Program errors are hard to detect or prove absent. Allowing programmers to write formal and precise specifications, especially in the form of contracts, is a popular approach to program verification and error discovery. We formalize and implement a hybrid (i.e. static and dynamic) contract checker for a pure subset of OCaml. The key technique is symbolic simplification, which makes integrating static and dynamic contract checking easy and effective. Our technique statically checks contract satisfaction or blames the function violating the contract. When a contract satisfaction is undecidable, it leaves residual code for dynamic contract checking.
Dynamic contract checking for OCaml (.pdf)
Hybrid Contract Checking via Symbolic Simplification.
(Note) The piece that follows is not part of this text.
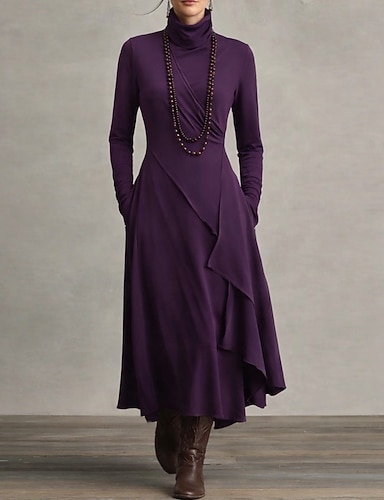 Damskie Długa sukienka sukienka maxi Sukienka rozkloszowana Elegancja Zabytkowe Moda Codzienny Na zewnątrz Wyjściowe Luźna Równina Długi rękaw Półgolf Szampański Zieleń wojskowa Królewski błękit

In the ACM SIGPLAN Workshop on Partial Evaluation and Program Manipulation (PEPM), 2012. (.pdf, INRIA technical report .pdf, journal version .pdf)
svn checkout http://caml.inria.fr/svn/ocaml/branches/contracts
To build (bytecode) ocamlc:
cd contracts
./configure
make coldstart
make ocamlc
bytecode: ocamlc-linux
bytecode: ocamlc-mac
If you use the compiled ocamlc above, rename the downloaded bytecode to "ocamlc"
To compile an OCaml program to bytecode:
ocamlc -scontract -c program.ml
ocamlc -o program.byte program.cmo
To run the bytecode:
./program.byte
Options
-scontract is for static contract checking only,
-dcontract is for dynamic contract checking only,
-hcontract is for hybrid contract checking.
program | total LOC | Ann LOC | Time (sec) |
intro123, neg | 23 | 4 | 0.13 |
mc91 | 4 | 1 | 0.14 |
ack, fhnhn | 12 | 2 | 0.13 |
arith, sum, max | 26 | 4 | 0.30 |
zipunzip | 12 | 2 | 0.30 |
std/list.ml | 109 | 20 | 1.10 |
riser | 33 | 3 | 0.13 |
insertion sort | 52 | 2 | 0.09 |
selection sort | 41 | 2 | 0.16 |
bubble sort | 33 | 2 | 0.11 |
merge sort | 57 | 7 | 1.29 |
quick sort | 86 | 9 | 0.42 |
AVL tree | 328 | 12 | 491.75 (=8min11.75s) |
Redblack tree | 154 | 10 | 4.18 |